They are totally and uniquely themselves. They embrace their variations of vibrant color and show it off with pride. And in the recesses, way in the centers, you can see the deep, still wisdom that lies there.

I suppose that’s what I’m going to be aspiring to this year.

Alexandra, 21

You’ll find this shocking, but Alex used to be 13, 14, 15, then 16, and 18. Now she is a ripe, old 21, a junior in college and graduating early, dating a guy named Ryan, who we happen to love, and really coming into her own.

5/12/11

Today was a low day. A very low day.

In another life, today would have been the day I decided things were too hard to bear and so bleak I’d never see the blue skies again.

I would have left my OBGYN results appointment (from the same woman who raked me internally) knowing she wants me to get my uterus biopsied because she thinks it’s precancerous and knowing she wants me to get on birth-control pills and remembering how she called me a liar just moments before when I showed her my daily food logs and exercise chart, because I’m fat, so I must not be telling her the truth. And how she rolled her eyes at me when I explained how painful the fibroids in my breasts make a mammogram.

I would have placed those thoughts next to the ones from the two rheumatologists who tell me I have lupus and need to take antimalarial drugs and noninflammatory drugs and muscle relaxers and it doesn’t matter what I eat or what drugs I take, my life is going to be painful, however long it lasts.

And then I would have added the words from my psychiatrist who told me I need to up my dose of some things and add other things and that fibromyaligia is mostly all in my head. Because I have bipolar, along with other things.

With those things lined up next to each other to look at, I would have added my guilt at not earning money to pay for all these doctors and tests and how uncomfortable I feel calling my health My Full-time Job right now. And how shameful I feel thinking about applying for disability in case I never have reliable healthcare. And how ashamed I feel that I have such a need for it.

I would have really honed in on that shame and guilt and despair and frustration at my inability to change things to be easier.

Then I would have gone to bed. Maybe fantasized about selfharm. Maybe begun the journey toward the romantic notion of ending it all, because surely that would be better for my family who has to watch and feel helpless and uncomfortable at my flailing. Who must surely feel I am such a burden.

And then the darkness would have been fully descended. Over my eyes, and ears and mouth. Over my brain that couldn’t think straight anymore. And it could have been months before I resurfaced to try again if I hadn’t been successful at terminating my life and never tried again at all.

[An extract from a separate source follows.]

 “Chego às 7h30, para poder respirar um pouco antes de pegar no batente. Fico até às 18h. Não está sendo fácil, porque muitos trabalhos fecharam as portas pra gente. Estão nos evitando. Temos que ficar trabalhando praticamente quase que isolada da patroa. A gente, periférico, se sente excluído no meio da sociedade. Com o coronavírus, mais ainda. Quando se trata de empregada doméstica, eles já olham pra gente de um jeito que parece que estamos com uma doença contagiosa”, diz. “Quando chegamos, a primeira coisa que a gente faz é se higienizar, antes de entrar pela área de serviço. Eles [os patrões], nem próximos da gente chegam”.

As I sat in my car, outside the hospital, dizzy with so many thoughts and feelings, I decided to breath. I made a small choice. A very small choice, to open my lungs and take in a breath, and then expel the air with a little force, listening to the sound in my throat. And then I did it again.

I thought of Grandma Jean, who just left us days ago. She fought her way back from a debilitating stroke and learned to live her life again when most people just die who experience that same stroke, it’s so damaging. I thought of her smile and quick laugh, even as her body failed her these past weeks. How she thanked me every time I did anything for her and told me she loved me even when she couldn’t recall who I was, because she knew I loved her.

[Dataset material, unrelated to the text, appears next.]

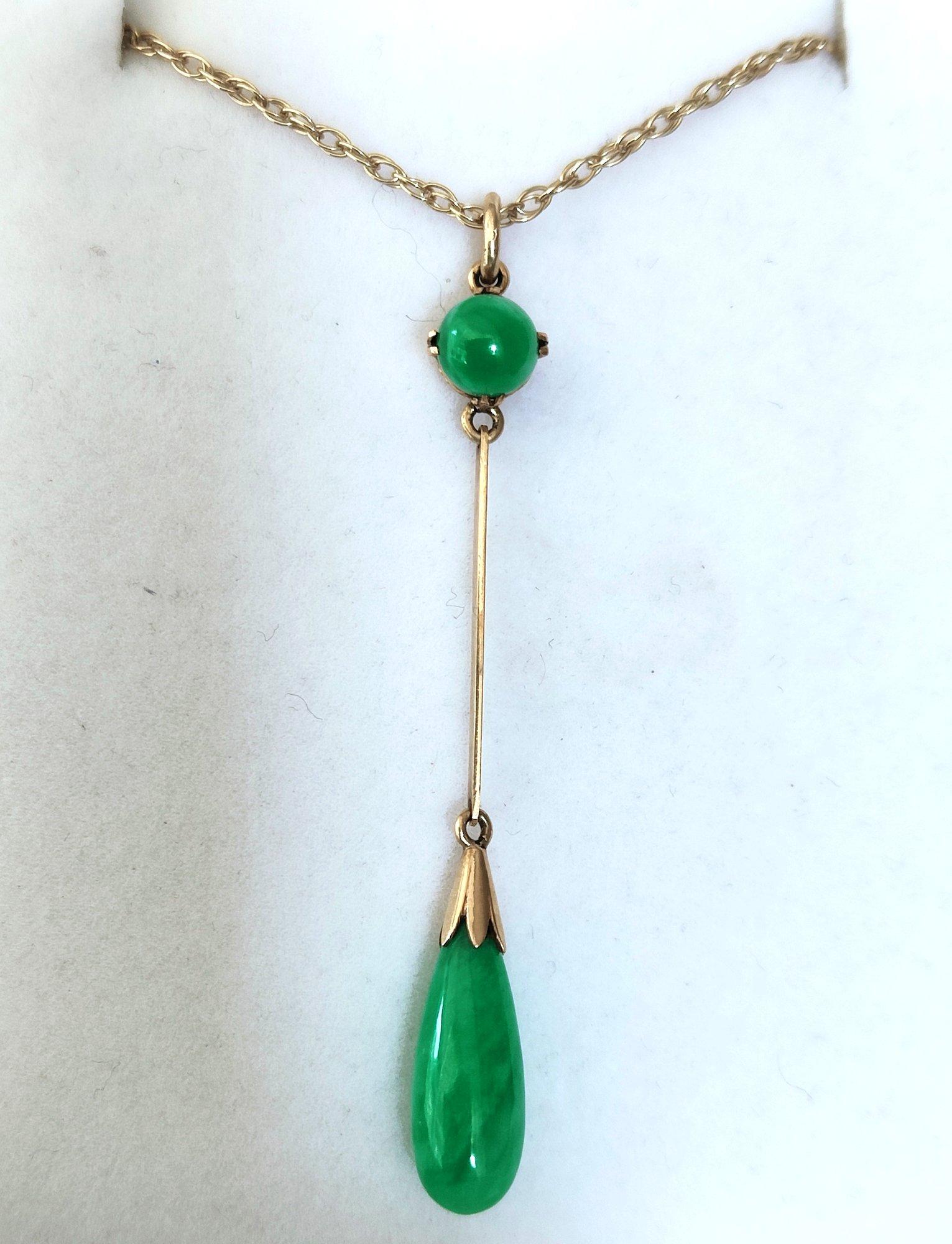 Elegant Art Deco 18ct Apple Jade Pendant Necklace

Grandma had her brushes with depression and contemplating her own death. She didn’t have the knowledge or support I have with managing those symptoms. And she survived for years, decades, from sheer determination. And I’m better for knowing her. I’m so thankful I didn’t miss out on knowing her like I did. Thank you, Grandma Jean, for what you suffered in this life so I could know you.

Then I thought of Phyllis, my mother-in-law, who passed last October. The cancer never won. It was just her time to go. And she was ready. She told me so every day, but it was always with a smile and expectation of meeting her God, not sadness, fear or regret.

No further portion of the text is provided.